TASK DESCRIPTION ▸ Skip the pictures, and retype the data below in full, exactly.

── DATA EXTRACT ──

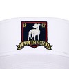 CUSTOM DESIGN: The AFC Richmond Greyhounds mascot appears on a blue shield in embroidered art on the front of this visor. Fans of the Ted Lasso TV series will love the fun custom design on this visor.
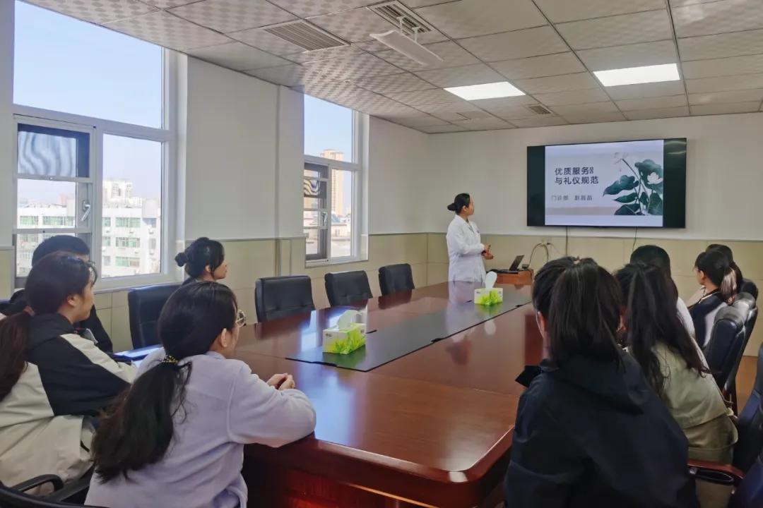 趙晶晶護(hù)士長對見習(xí)人員進(jìn)行《優(yōu)質(zhì)服務(wù)和禮儀規(guī)范》的培訓(xùn),提升見習(xí)人員的形象素質(zhì)。
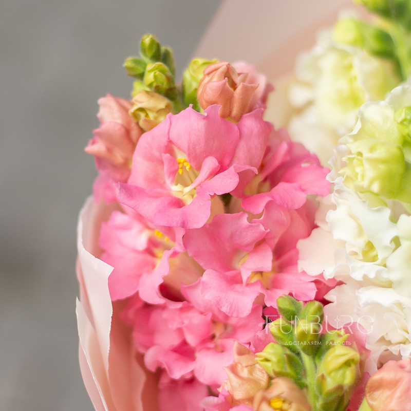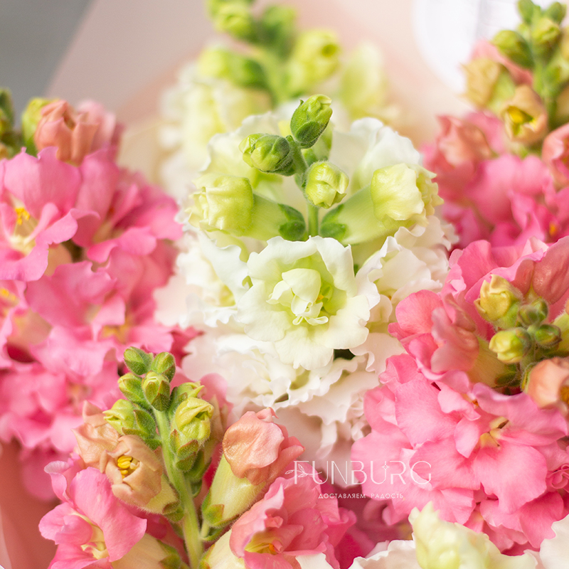 Букет леденцово-розового и белого антирринума с волшебным цветочным ароматом создан дарить летнее настроение и передавать вашу заботу и любовь.

───

ANSWER BOX ▸
 CUSTOM DESIGN: The AFC Richmond Greyhounds mascot appears on a blue shield in embroidered art on the front of this visor. Fans of the Ted Lasso TV series will love the fun custom design on this visor.
 趙晶晶護(hù)士長對見習(xí)人員進(jìn)行《優(yōu)質(zhì)服務(wù)和禮儀規(guī)范》的培訓(xùn),提升見習(xí)人員的形象素質(zhì)。
 Букет леденцово-розового и белого антирринума с волшебным цветочным ароматом создан дарить летнее настроение и передавать вашу заботу и любовь.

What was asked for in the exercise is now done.